## WHAT THE TASK REQUIRES
The result should be the lines from the one holding "DafYomi, Pesahim #DafYomi" to the end of the records below, repeated exactly. No pictures.

Dataset records:
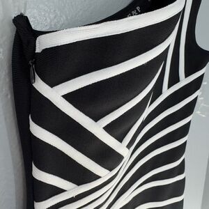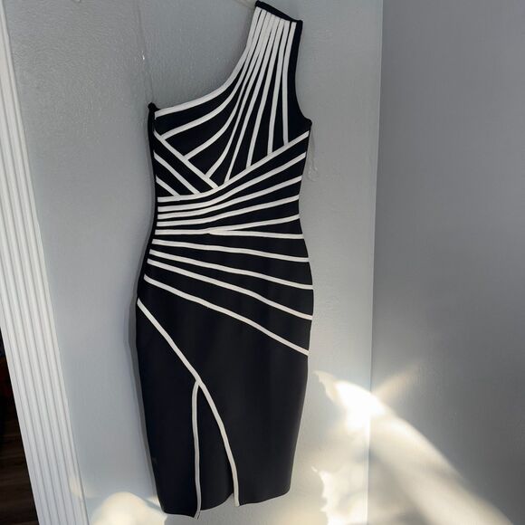 F & P Paris One Shoulder Dress Bodycon Black White Women's Medium
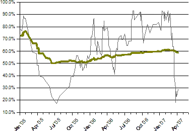 From inception through 2007, the total number of WHO-confirmed cases was 349, with 216 of those fatalities (as reported by the U.N. on January 15, 2008, confirming earlier deaths) reflecting a 62% fatality rate among WHO-confirmed cases through 2007.[25] These overall figures fail to bring forward fluctuations that have appeared from year to year and in particular geographic areas. In 2005, when a markedly less-lethal strain in Northern Vietnam was responsible for most of the cases reported worldwide, only 42 of 97 people confirmed by the WHO to be infected with H5N1 died — a 43% fatality rate. In 2006, the case fatality ratio was higher among the WHO-confirmed cases, with 79 deaths among 114 confirmed cases.[26]— or 69%. In 2007, 59 of the 86 WHO-confirmed cases ended in death, again a 69% fatality rate.[27] And 24 of the first 31 cases of 2008 (to April 30, 2008) have been fatal,[28] or 77%.
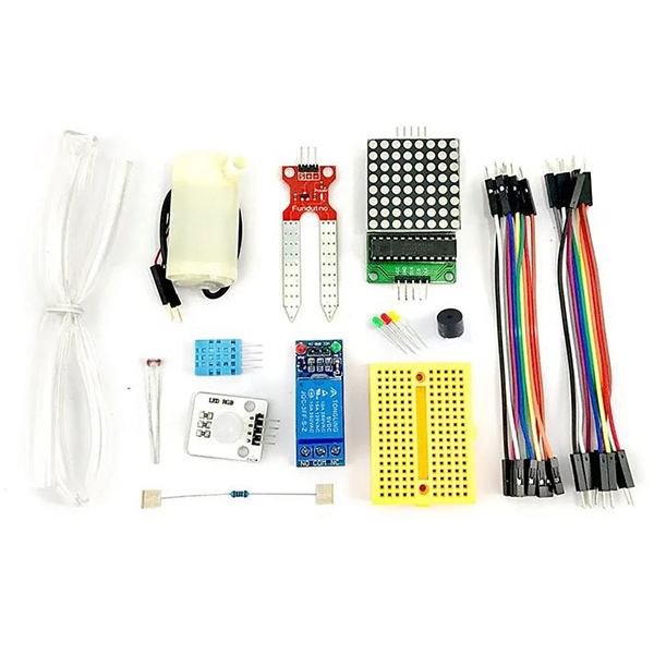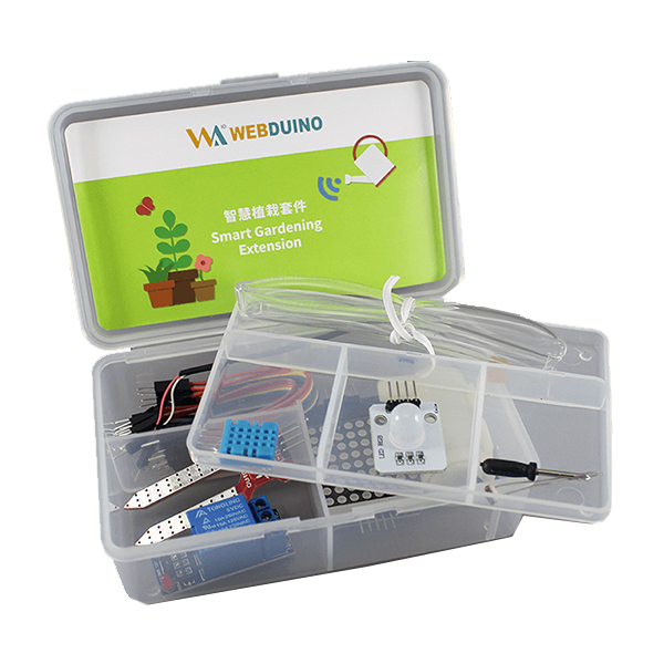 Webduino 智慧植栽套件是專門針對植物栽培的套件,內含繼電器、水泵、光敏電阻與土壤濕度偵測...等植栽專用零件組合,當土壤濕度不足時啟動水泵自動澆水,並透過溫濕度傳感器、光敏電阻偵測環境變化,隨時記錄或發送通知,透過 Webduino 智慧植栽套件讓種植作物更智慧!
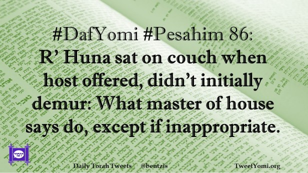 DafYomi, Pesahim #DafYomi #Pesahim 86 Date: April 20, 2021Author: ysspitz #DafYomi #Pesahim 86: R’ Huna sat on couch when host offered, didn’t initially demur: What master of house says do, except if inappropriate. Share this: Share on X (Opens in new window) X Share on Facebook (Opens in new window) Facebook Like Loading... Related
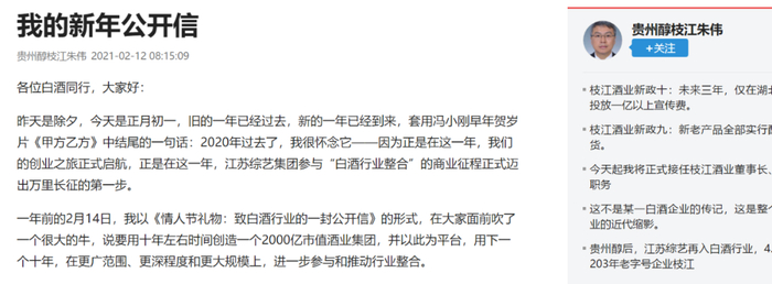 在2020年2月14日放话“十年创造2000亿市值酒企”之后,2021年2月12日,朱伟发布了新年公开信,贵州醇2020年扭亏为盈,销售增幅在200%以上,而枝江酒业也实现了阶段性扭亏。

## SOLUTION FOR THIS TASK
 DafYomi, Pesahim #DafYomi #Pesahim 86 Date: April 20, 2021Author: ysspitz #DafYomi #Pesahim 86: R’ Huna sat on couch when host offered, didn’t initially demur: What master of house says do, except if inappropriate. Share this: Share on X (Opens in new window) X Share on Facebook (Opens in new window) Facebook Like Loading... Related
 在2020年2月14日放话“十年创造2000亿市值酒企”之后,2021年2月12日,朱伟发布了新年公开信,贵州醇2020年扭亏为盈,销售增幅在200%以上,而枝江酒业也实现了阶段性扭亏。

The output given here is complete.